И, кажется, она осознает, что за контора, где работает и что это означает, поэтому ее глаза расширяются.

— О мой бог. Он такой же большой…

Я прерываю ее.

— Черта с два я отвечу на этот вопрос.

Она наклоняет голову.

— Конечно, нет. Извини, — она улыбается мне, а затем предлагает подождать с вежливой, формальной улыбкой. — Доктор Гусман будет через минуту.

— Спасибо.

«Одна минута» оборачивается пятнадцатью. И я подумала, что было бы очень просто сказать, что я хочу узнать о методах контрацепции и получить какие-нибудь таблетки, но все не так легко. Поскольку я никогда не имела никакой медицинской страховки, у меня никогда не было надлежащего осмотра, поэтому она настаивает на нем, а только потом ведет разговор о том, какой вид предохранения мне нужен. Я останавливаюсь на внутриматочной спирали, потому что так мне никогда не придется помнить пить таблетки каждый день.
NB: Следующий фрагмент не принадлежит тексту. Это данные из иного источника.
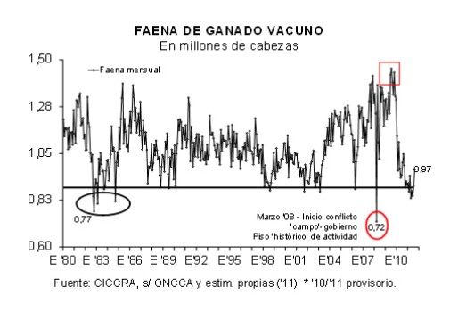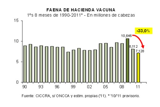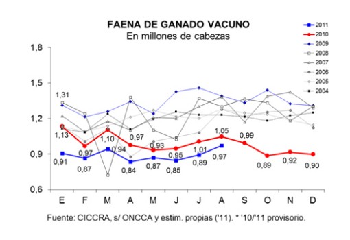 En el acumulado de los primeros ocho meses del año la faena vacuna habría alcanzado un nivel de 7,128 millones de cabezas y con respecto a enero-agosto del año pasado habría registrado una disminución de 12,1% (-984,0 mil cabezas). En tanto, si contrastamos con el máximo de enero-agosto de 2009, la caída se habría elevado hasta 33,0% (se habrían faenado 3,52 millones de cabezas menos). Y conforme avanza el año y se mantiene el bajo nivel de actividad, se sostiene el hecho de que a nivel sectorial, 2011 es el peor año de los últimos veintidós.
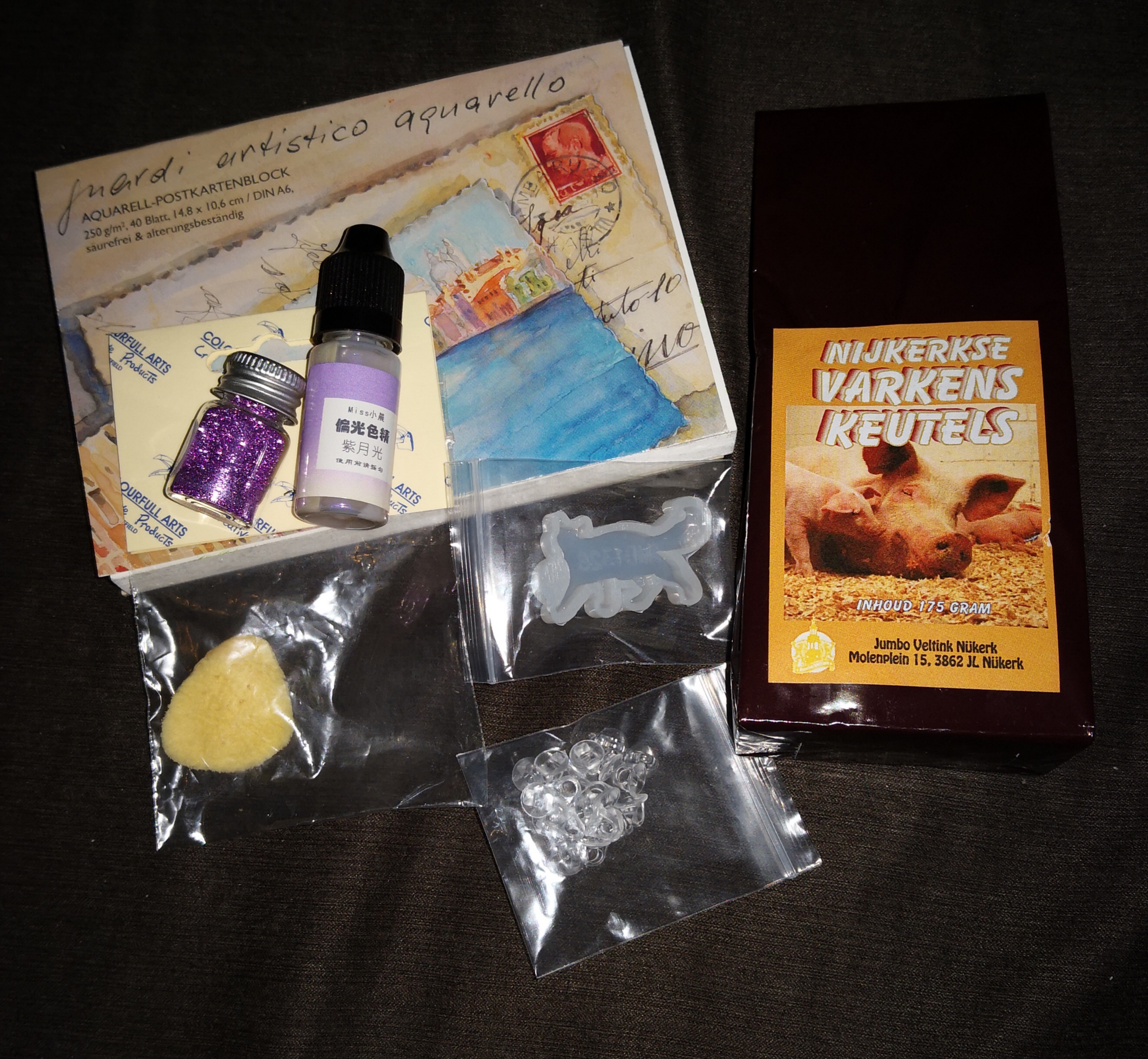 Die Süßigkeiten haben es nicht mehr aufs Bild geschafft, aber drin waren Gummitiere und Nougat. Dazu eine sehr schöne Auswahl an Motivpapieren und Stanzteilen, von denen ich am meisten die Efeuranken mag.

Когда я выхожу из смотровой, то слышу гул голосов, раздающихся в возбуждении. Сердце останавливается, когда я толкаю дверь и нахожу Адама в приемной, окруженного толпой женщин, часть из которых пациентки, а часть носят медицинские халаты. С маркером в руке он подписывает рецепты и крышки сотовых телефонов, и у него на лице улыбка для публики, но она выглядит натянуто. Я проталкиваюсь сквозь женщин, хватаю Адама за руку, вырываю из нее маркер, надеваю колпачок, а потом встаю между ним и женщинами, которые выглядят немного... безумными.

— Извините, — говорю я, окатывая каждую свирепым взглядом. — Этого достаточно.

— Но подождите, — говорит одна женщина. — Могу я сделать только одно селфи с ним?

Что-то держит меня в руках. Ревность? Защита? Собственнический инстинкт?

— Нет. Не можете. Мы уходим.

— Дез, все хорошо, — начинает Адам.

— Нет. Это кабинет врача, а не долбаная пресс-конференция.